Hurricane Sandy made Climate Change real and Obamacare changed the concept of access to medical care from being a privilege to a human right.

The last decade brought us, for better or worse, Twiter, Snapchat, instagram, and the “personal assistant” Siri; which then ushered in the movie “Her” where Joaquin Phoenix falls in love with his computer.

Technology has not been the savior we all assumed it would be with users addicted to their phones, brick and mortar stores closing, and newspapers are folding.

Even our Democracy has been hacked.

My family mirrored the upheavals experienced by the country. My husband and I started the decade as parents of five and ended it as parents of four.

We lost our home, were sued seven times, had a house fire, went broke then regrouped.

What did I learn as the 2010’s drew to an end? That the bonds with my kids and husband were shockingly resilient. Every time we were beaten down we just kept bouncing back up getting stronger with each challenge.

I also learned that the bonds connecting me to my extended family were shockingly weak.

I blindly went about my life for the last 50 years being the diligent daughter and sister, delivering baked goodies and handmade gifts, giving rides, hosting holidays, managing the family business, caring for the sick, documenting family history, etc.
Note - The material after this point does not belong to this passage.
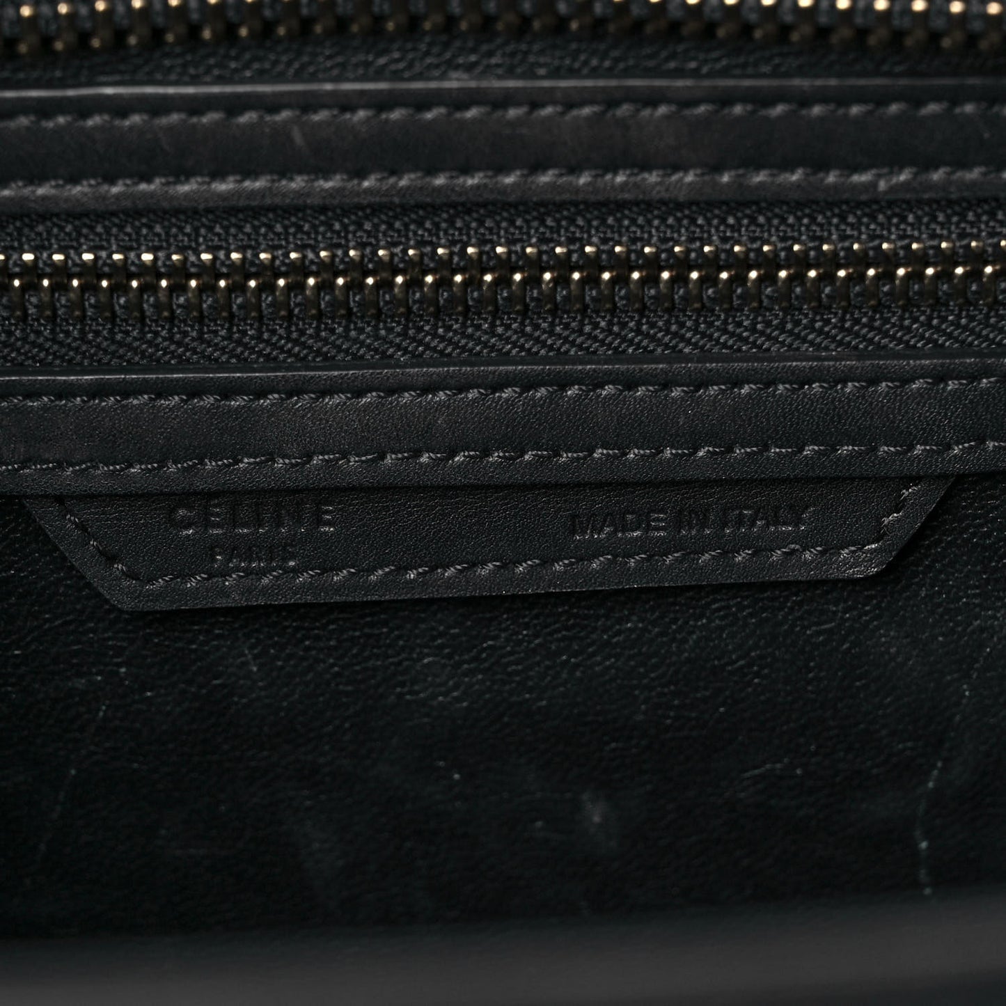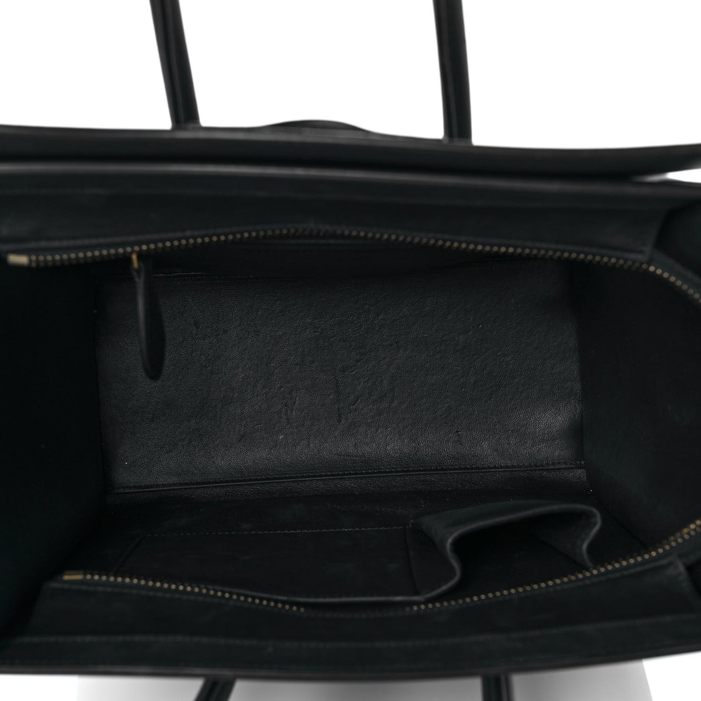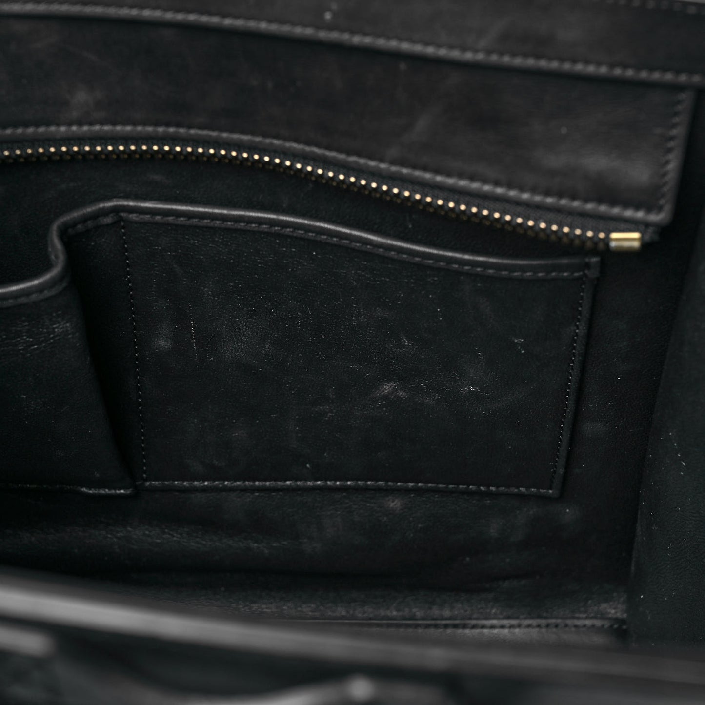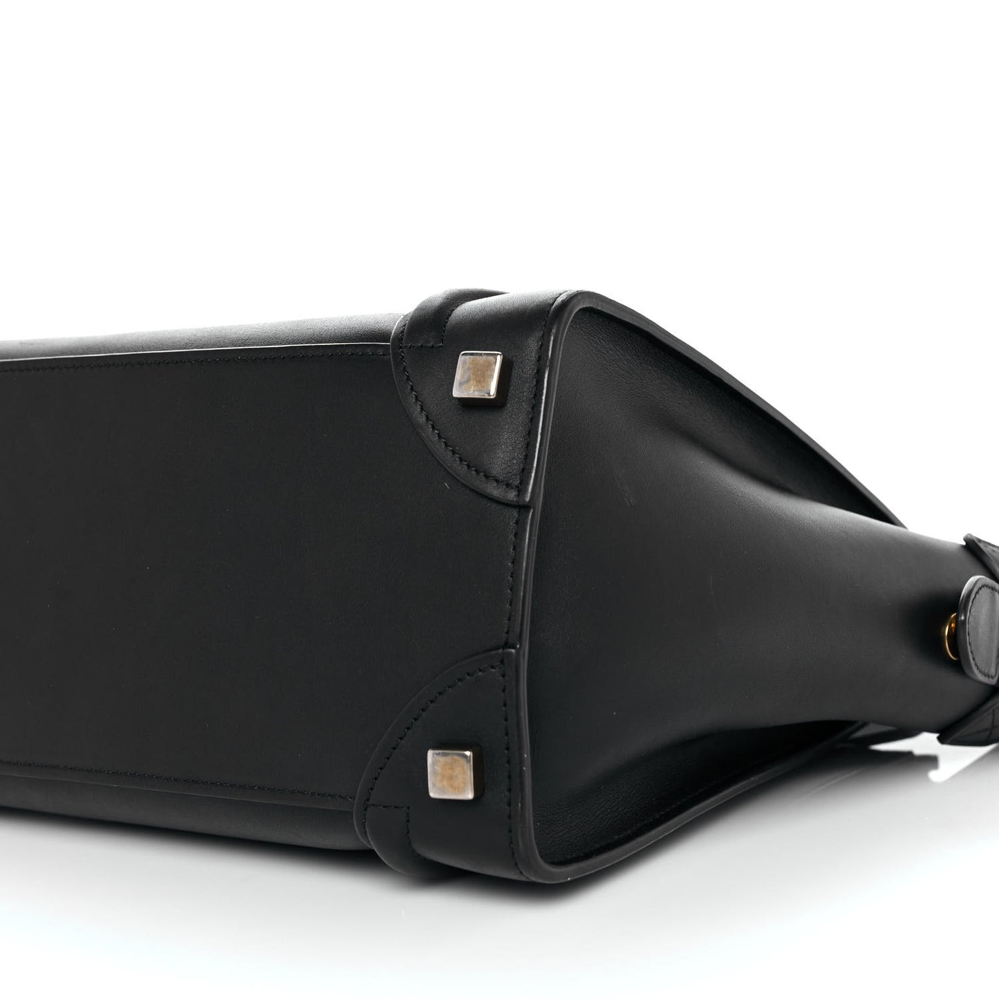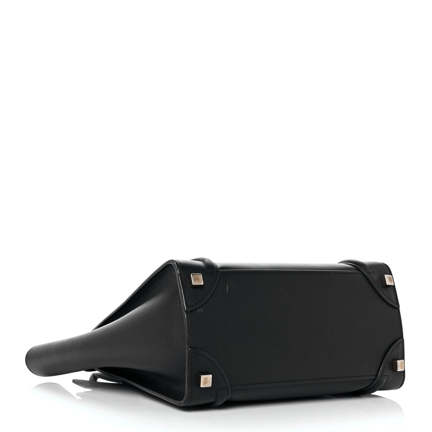 This is an authentic CELINE Smooth Calfskin Micro Luggage in Black. This stylish tote is crafted of luxuriously smooth calfskin leather in black. It features rolled leather top handles with a signature Celine scroll trim and expansive sides. The overextended zipper opens to a spacious leather interior with zipper and patch pockets.Follow this item for alerts. Celine is a registered trademark of Celine. FASHIONPHILE is not affiliated with Celine.

I recently realized that my naiveté was taken advantage of and the bonds I thought were forever disappeared overnight.

In several of Rep. Nunes lawsuits he implores that “a very strong message needs to be sent” to prevent people from acting in a similar way.

I agree.

Maybe this will be the decade for justice. Where upside down gets right side up, the country returns to civility, and lawyers find that sense of shame missing in the justice system.

In the spirit of Newton’s third law of physics, we are all due for an equal but opposite change for the better. Let’s all make it happen together in 2020.